À Índia irei..., de navio; ou, acidente da Air France deixam nossos corações despedaçados

..Toda a vida que se vai, especialmente desta forma, torna menos interessante e mais triste a que fica...

Eu era gerente administrativo e financeiro da Cia. Internacional de Seguros, Sucursal Recife, nos idos de 1981/1982.

Principalmente porque naquela época o supra-sumo da tecnologia de comunicação nas empresas, além do telefone, era o telex (hoje confinado nos museus), tinha de viajar constantemente de avião para o Rio de Janeiro, onde era sediada a matriz da empresa, na Rua Ibituruna 81, Tijuca.



Além dessas viagens longas, fazia outras mais curtas, também de avião, a Salvador, Natal, Aracaju e Terezina (João Pessoa e Maceió, cidades de curta distância a partir de Recife, ia de automóvel) a serviço.


Voava pelas asas das extintas Vasp, Varig e Transbrasil.

Sempre tive medo de avião. Mas essa máquina me exercia fascínio maior que o medo, daí porque em vez de evitar as viagens, ficava eufórico toda vez que tinha de encarar um jato 737 ou um 747 (uma única vez viajei no famoso turbo-hélice Electra, na ponte aérea Rio x SP), até forçando um pouco a barra quando minha presença nos lugares não se mostrava tão imperativa. 

A secretária já sabia de minha preferência por voos paradores, e marcava meus bilhetes sempre que possível nesses “cata-jecas” porque fiquei viciado das doses de adrenalina quando os bichos desciam e subiam. 


Em vez de uma viagem direta, preferia os que paravam em Terezina, Ilhéus, Itabuna, lamentando que também não descessem em Belo Horizonte ou Vitória antes de chegarem  ao Rio.


Pois é.
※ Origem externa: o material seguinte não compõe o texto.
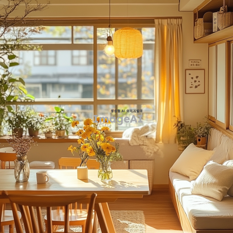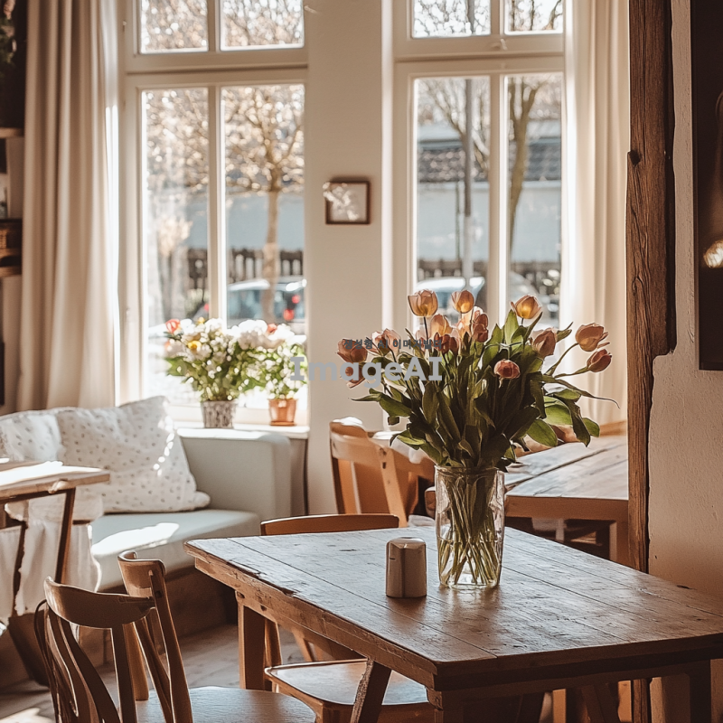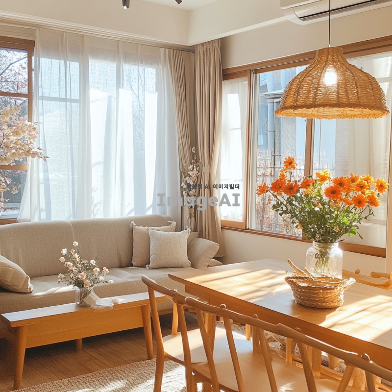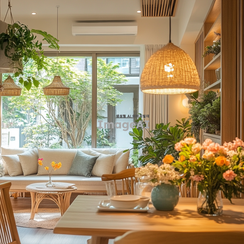 봄의 따뜻한 느낌을 주는 부드러운 웜톤 조명이 가득한 실내 공간, 창문을 통해 들어오는 자연광과 함께 화사한 꽃들이 놓여 있는 테이블, 아늑한 소파와 함께 편안한 분위기를 연출하는 공간, 부드러운 색감의 벽과 따뜻한 나무 소재의 가구들이 어우러진 모습.

Dizem que quanto mais se envelhece, mais temor se adquire. Hoje tenho esperanças, embora remotas, de que antes de morrer ainda hei de conhecer a Índia. 
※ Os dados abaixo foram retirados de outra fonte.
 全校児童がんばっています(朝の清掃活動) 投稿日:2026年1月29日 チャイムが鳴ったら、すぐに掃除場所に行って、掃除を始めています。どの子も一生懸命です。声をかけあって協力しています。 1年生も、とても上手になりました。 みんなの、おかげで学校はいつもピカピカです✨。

Trata-se de um país exótico e de fortes contrastes econômicos e socioculturais que me deslumbram, não sei bem explicar a razão, sentimento desencadeado em minha adolescência, presumo, pelo cantor Nilton César (lembram? À Índia fui em férias passear/ tornar realidade um sonho meu/ jamais eu poderia imaginar...). 
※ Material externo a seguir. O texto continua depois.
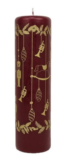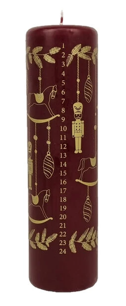 Tradisjonelt rødt kalenderlys i parafin, nummerert fra 1 til 24, med motiv av nøtteknekker, gyngehest og girlander. Tell ned til julaften med et stemningsfullt kalenderlys! Brennetid ca. 110 timer.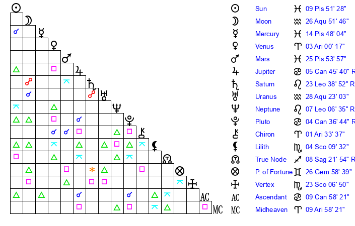 Sun | 9 Pisces 51 | 11 Pisces 9 | 23 Gemini 19 |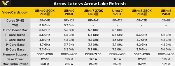 和265K相比,E核数量增加了4个,核心配置变为8P+16E共24核心,这一点与285K一致,不过频率参数没有任何变化。

Mas viajaria de navio, jamais de avião, porque o medo agora é maior, reduziu a frangalhos aquele corajoso espírito aventureiro.

Como diz Reinaldo Azevedo com mórbida ironia, avião é seguro, nenhum jamais deixou de voltar à Terra. 

Ou ao mar, digo eu de forma redundante, pois que não olvido que Reinaldo se refere ao nosso Planeta como um todo. 

E o faço pensando no verdadeiro motivo que me motivou estas mal traçadas, a partir daquela segunda-feira 1/6 aziaga, quando não pude controlar as lágrimas diante da TV pensando nas 228 almas que se foram de maneira tão trágica, tão abrupta, tão sem nenhuma chance (acidente com um avião da Air France, que ia do Rio de Janeiro para Paris e caiu no mar). 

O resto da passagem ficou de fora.